SUPPLIED DATA
- - - - - - -
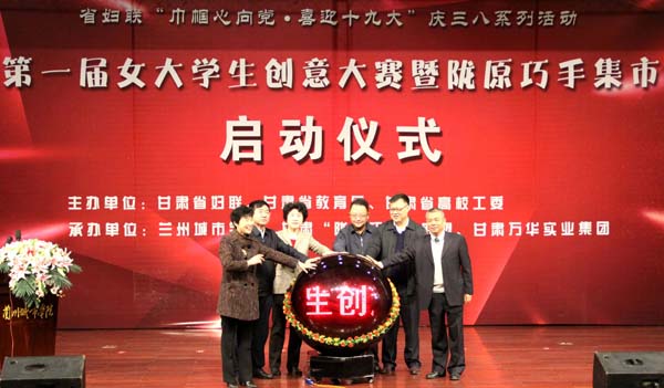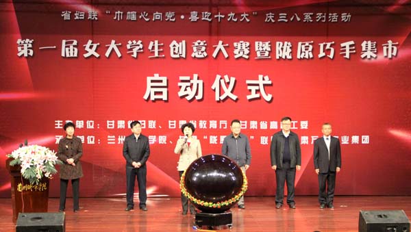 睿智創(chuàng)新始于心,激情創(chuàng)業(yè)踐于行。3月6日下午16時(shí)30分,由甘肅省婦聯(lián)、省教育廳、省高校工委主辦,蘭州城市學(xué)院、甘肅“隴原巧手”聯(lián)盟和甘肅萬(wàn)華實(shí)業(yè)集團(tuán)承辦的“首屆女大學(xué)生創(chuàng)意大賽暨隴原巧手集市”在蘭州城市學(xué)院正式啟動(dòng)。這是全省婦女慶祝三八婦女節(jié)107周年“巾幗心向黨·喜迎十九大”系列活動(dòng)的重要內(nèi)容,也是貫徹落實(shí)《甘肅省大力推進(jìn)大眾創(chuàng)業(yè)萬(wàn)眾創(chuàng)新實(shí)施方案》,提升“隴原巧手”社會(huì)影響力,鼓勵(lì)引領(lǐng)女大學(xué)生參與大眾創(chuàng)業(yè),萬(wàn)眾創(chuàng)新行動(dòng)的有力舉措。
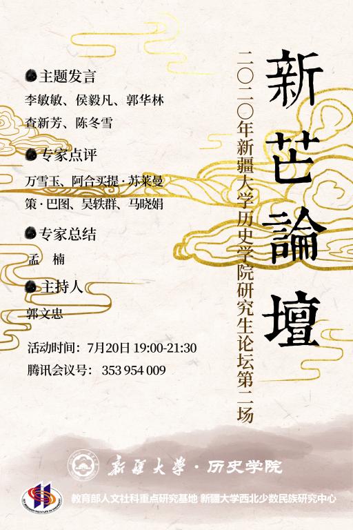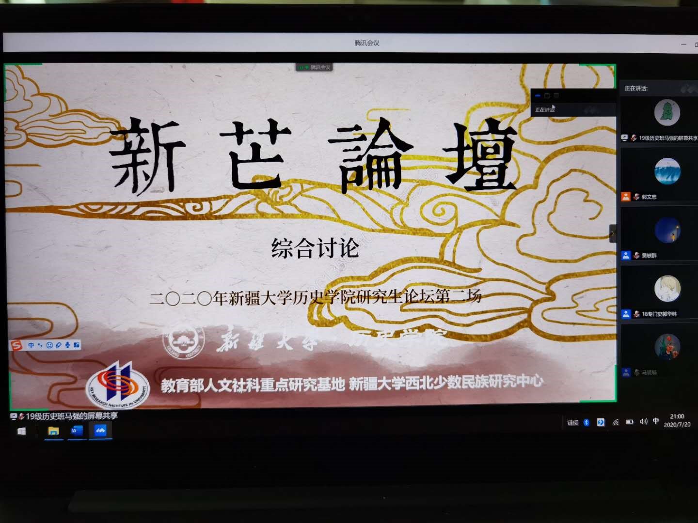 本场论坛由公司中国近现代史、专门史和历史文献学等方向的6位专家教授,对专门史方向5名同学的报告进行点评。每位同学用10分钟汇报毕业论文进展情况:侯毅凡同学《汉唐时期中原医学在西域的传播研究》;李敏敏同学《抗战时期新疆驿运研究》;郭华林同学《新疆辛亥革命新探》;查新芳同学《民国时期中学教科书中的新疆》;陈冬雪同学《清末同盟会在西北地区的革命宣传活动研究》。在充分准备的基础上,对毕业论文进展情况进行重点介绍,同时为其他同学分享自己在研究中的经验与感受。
- - - - - - -
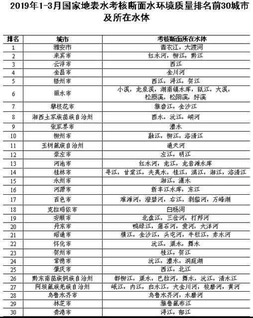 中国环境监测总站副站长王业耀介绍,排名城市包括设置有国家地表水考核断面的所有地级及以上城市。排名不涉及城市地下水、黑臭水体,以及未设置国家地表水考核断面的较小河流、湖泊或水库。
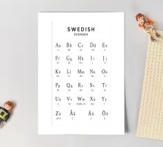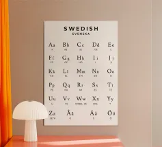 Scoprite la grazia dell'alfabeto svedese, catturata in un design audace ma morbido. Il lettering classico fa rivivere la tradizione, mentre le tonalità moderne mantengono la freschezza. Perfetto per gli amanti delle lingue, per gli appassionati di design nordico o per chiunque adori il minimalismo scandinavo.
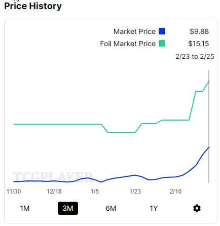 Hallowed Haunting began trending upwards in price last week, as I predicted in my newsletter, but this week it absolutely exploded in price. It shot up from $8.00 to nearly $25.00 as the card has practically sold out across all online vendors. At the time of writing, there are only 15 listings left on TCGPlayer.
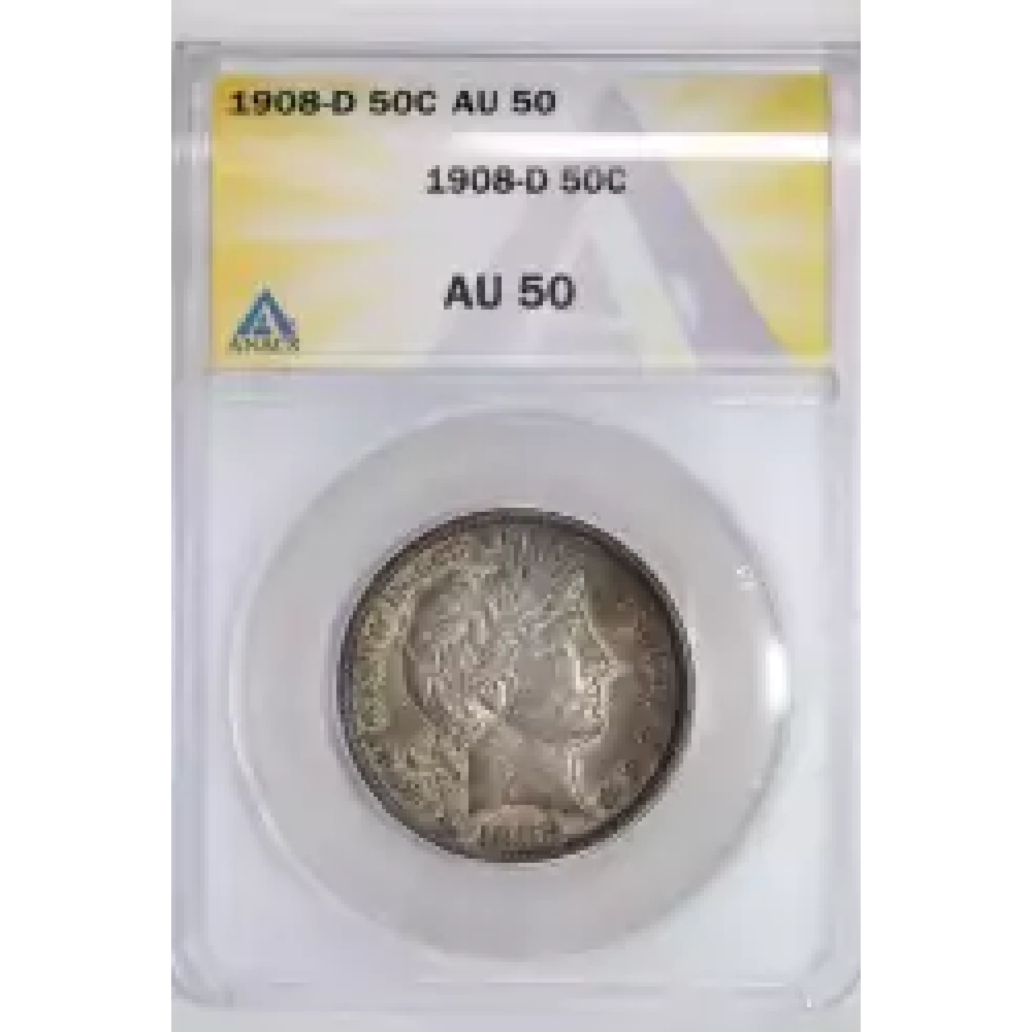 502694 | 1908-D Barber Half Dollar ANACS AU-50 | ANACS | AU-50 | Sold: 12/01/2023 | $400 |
- - - - - - -
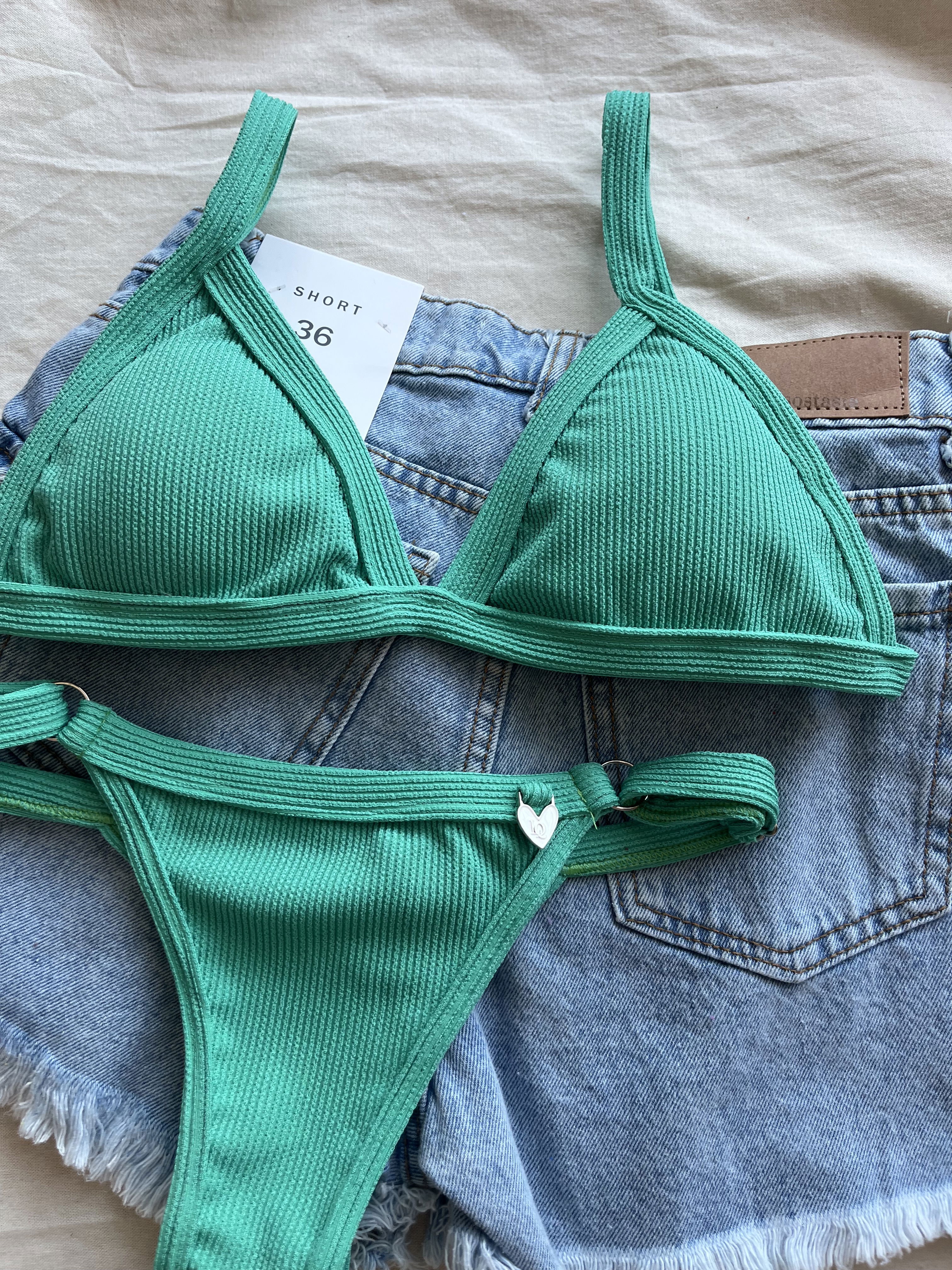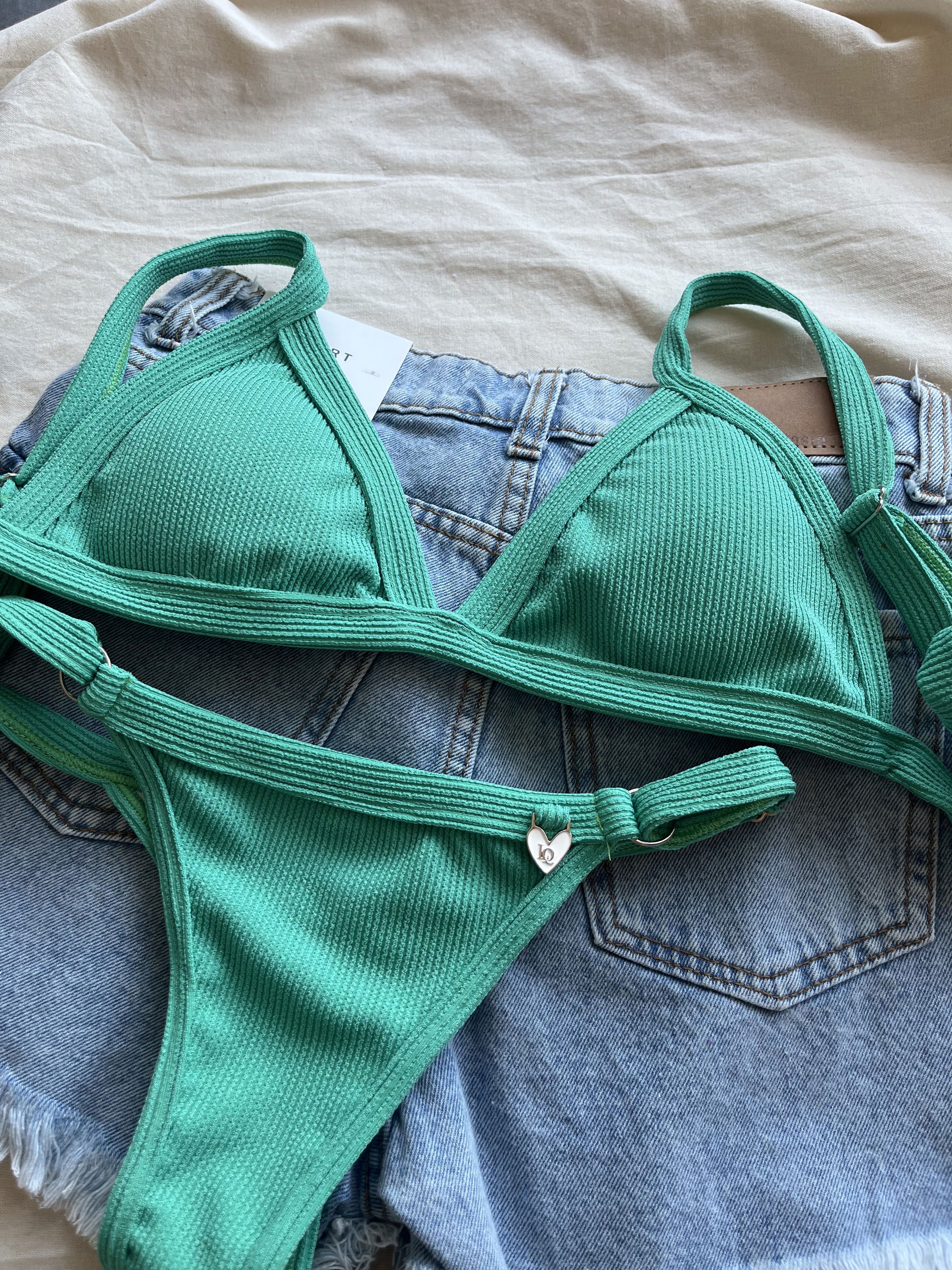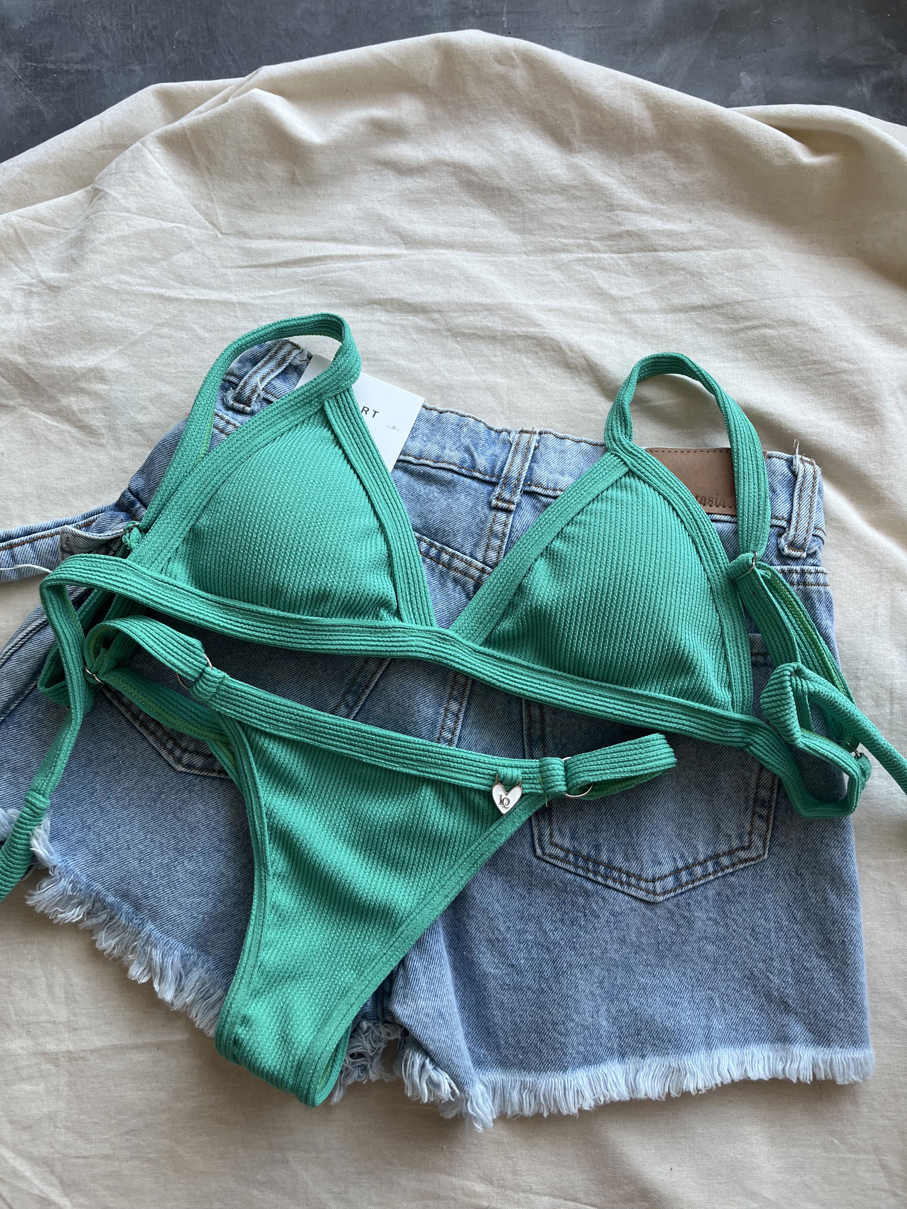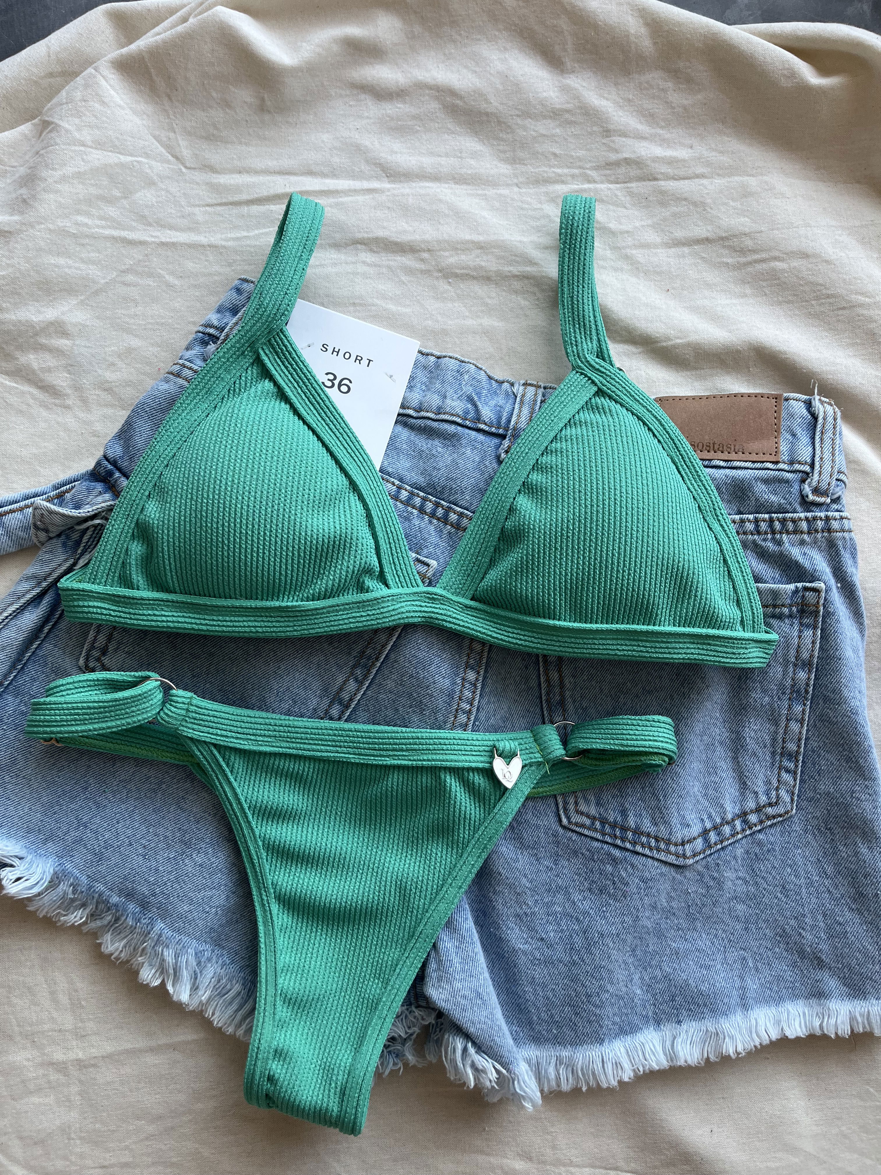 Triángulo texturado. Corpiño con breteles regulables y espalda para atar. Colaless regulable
- - - - - - -
REQUIREMENT
In the listing above, find the line with "Hallowed Haunting began" and the line with "502694 | 1908-D". Set down both and every line between them, minus the pictures.

COMPLETED TASK
 Hallowed Haunting began trending upwards in price last week, as I predicted in my newsletter, but this week it absolutely exploded in price. It shot up from $8.00 to nearly $25.00 as the card has practically sold out across all online vendors. At the time of writing, there are only 15 listings left on TCGPlayer.
 502694 | 1908-D Barber Half Dollar ANACS AU-50 | ANACS | AU-50 | Sold: 12/01/2023 | $400 |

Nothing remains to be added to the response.